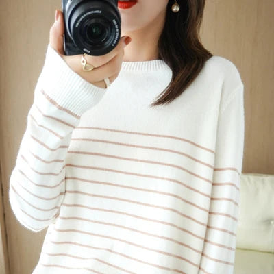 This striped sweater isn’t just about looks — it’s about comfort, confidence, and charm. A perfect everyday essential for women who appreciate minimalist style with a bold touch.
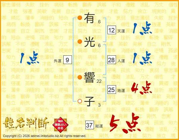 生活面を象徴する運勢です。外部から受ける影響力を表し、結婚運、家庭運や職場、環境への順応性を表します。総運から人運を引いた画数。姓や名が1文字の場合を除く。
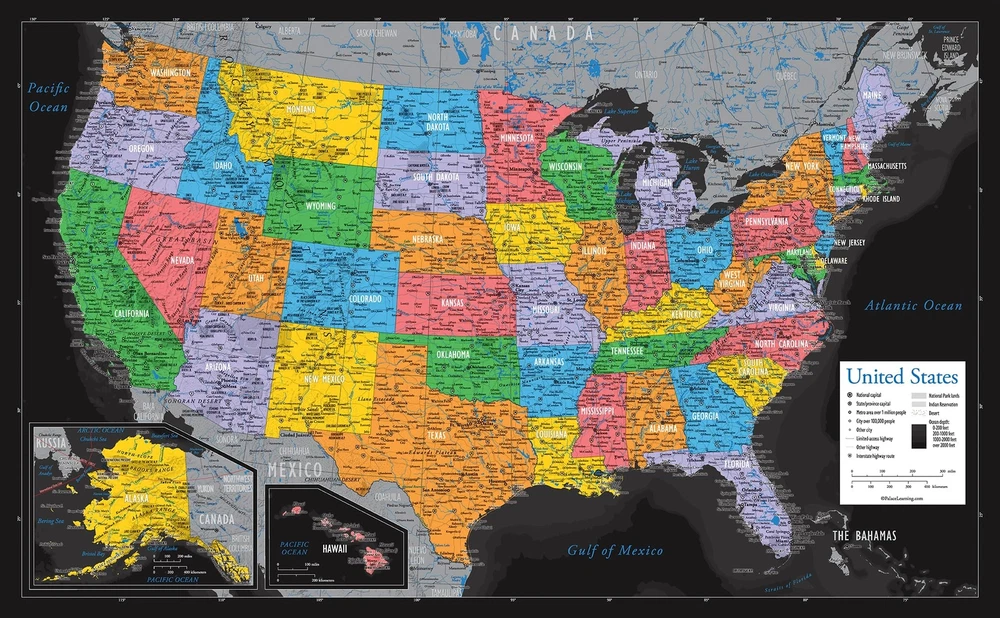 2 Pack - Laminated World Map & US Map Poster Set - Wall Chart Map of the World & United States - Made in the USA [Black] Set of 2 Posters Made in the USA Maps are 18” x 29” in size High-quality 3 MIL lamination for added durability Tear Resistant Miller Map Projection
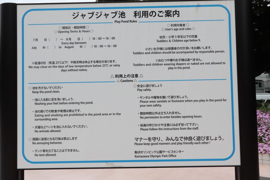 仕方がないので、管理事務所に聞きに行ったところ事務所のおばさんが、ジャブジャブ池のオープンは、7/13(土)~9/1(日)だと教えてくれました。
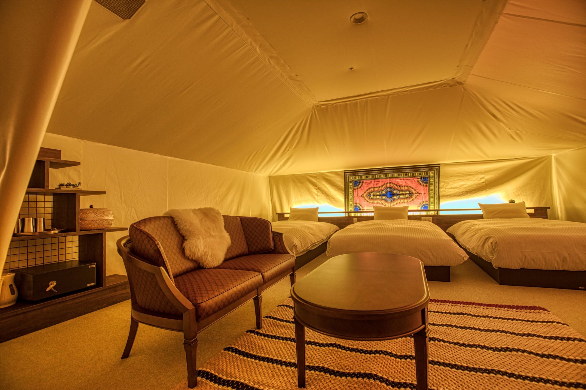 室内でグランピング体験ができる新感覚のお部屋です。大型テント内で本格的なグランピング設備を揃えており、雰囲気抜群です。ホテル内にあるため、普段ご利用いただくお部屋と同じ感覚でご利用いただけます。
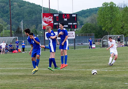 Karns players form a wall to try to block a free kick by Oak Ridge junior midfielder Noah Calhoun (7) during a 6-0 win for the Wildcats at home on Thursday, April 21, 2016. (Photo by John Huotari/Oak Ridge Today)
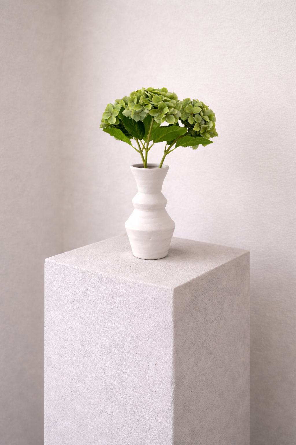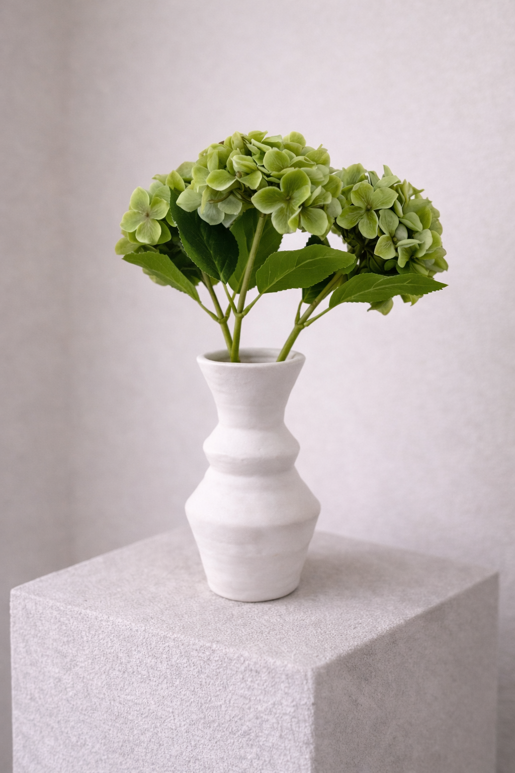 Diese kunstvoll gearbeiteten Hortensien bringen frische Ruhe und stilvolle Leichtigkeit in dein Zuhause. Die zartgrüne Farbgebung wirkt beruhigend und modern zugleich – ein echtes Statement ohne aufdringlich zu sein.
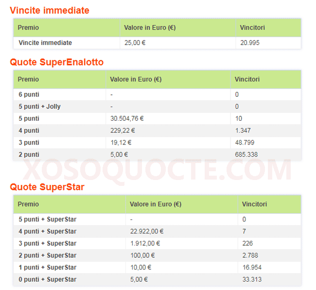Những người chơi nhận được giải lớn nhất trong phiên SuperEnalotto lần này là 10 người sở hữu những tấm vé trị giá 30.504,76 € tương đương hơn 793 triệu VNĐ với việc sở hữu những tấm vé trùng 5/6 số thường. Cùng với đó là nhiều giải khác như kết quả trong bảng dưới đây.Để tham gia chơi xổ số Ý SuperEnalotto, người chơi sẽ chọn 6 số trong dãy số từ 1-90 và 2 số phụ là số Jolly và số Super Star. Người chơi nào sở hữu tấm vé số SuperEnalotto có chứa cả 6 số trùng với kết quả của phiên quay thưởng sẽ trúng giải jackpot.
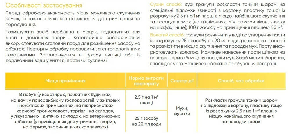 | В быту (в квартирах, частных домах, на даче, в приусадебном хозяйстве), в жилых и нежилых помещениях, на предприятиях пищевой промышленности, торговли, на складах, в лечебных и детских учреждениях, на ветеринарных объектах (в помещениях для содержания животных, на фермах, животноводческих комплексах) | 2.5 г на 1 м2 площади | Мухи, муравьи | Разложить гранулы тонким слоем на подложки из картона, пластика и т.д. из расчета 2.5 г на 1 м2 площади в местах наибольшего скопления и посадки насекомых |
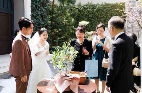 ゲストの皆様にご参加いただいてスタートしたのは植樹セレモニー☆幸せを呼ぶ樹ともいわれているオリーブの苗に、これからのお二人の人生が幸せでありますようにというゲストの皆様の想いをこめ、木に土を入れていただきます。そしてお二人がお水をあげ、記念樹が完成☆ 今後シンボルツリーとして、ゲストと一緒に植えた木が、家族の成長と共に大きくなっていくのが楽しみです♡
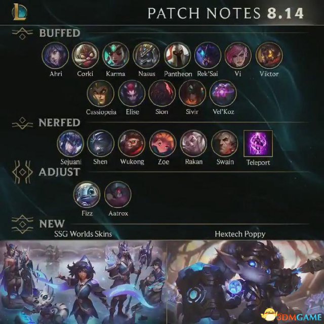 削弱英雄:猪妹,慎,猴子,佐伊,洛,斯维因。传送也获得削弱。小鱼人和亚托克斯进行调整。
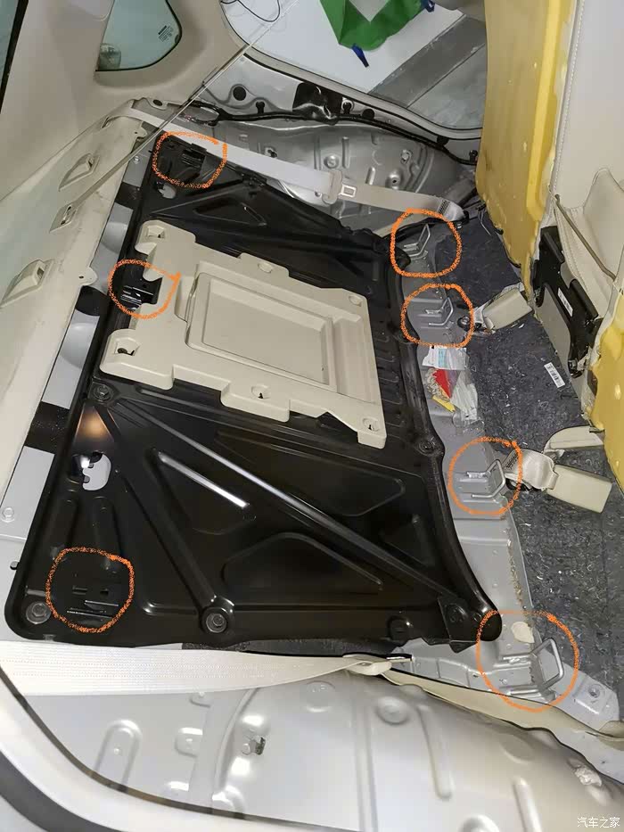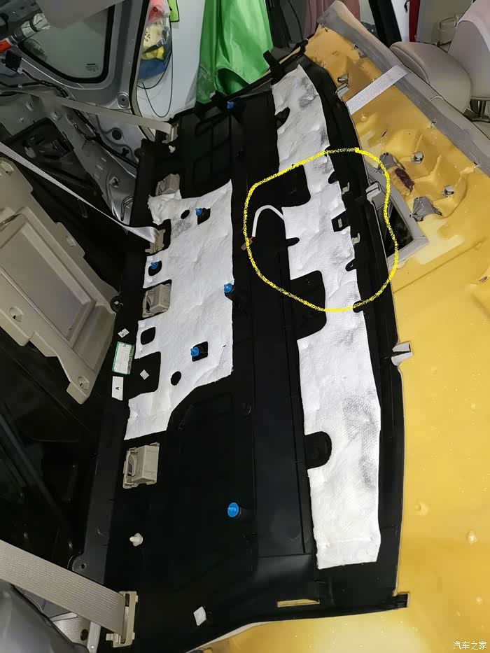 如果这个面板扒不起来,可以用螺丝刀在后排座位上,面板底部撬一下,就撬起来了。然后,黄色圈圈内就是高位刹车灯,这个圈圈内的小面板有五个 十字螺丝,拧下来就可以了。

Assigned task: With pictures excluded, reproduce exactly the lines above from the one containing "ゲストの皆様にご参加いただい" down to the one containing "削弱英雄:猪妹,慎,猴子,佐", those two included.

Written reply:
 ゲストの皆様にご参加いただいてスタートしたのは植樹セレモニー☆幸せを呼ぶ樹ともいわれているオリーブの苗に、これからのお二人の人生が幸せでありますようにというゲストの皆様の想いをこめ、木に土を入れていただきます。そしてお二人がお水をあげ、記念樹が完成☆ 今後シンボルツリーとして、ゲストと一緒に植えた木が、家族の成長と共に大きくなっていくのが楽しみです♡
 削弱英雄:猪妹,慎,猴子,佐伊,洛,斯维因。传送也获得削弱。小鱼人和亚托克斯进行调整。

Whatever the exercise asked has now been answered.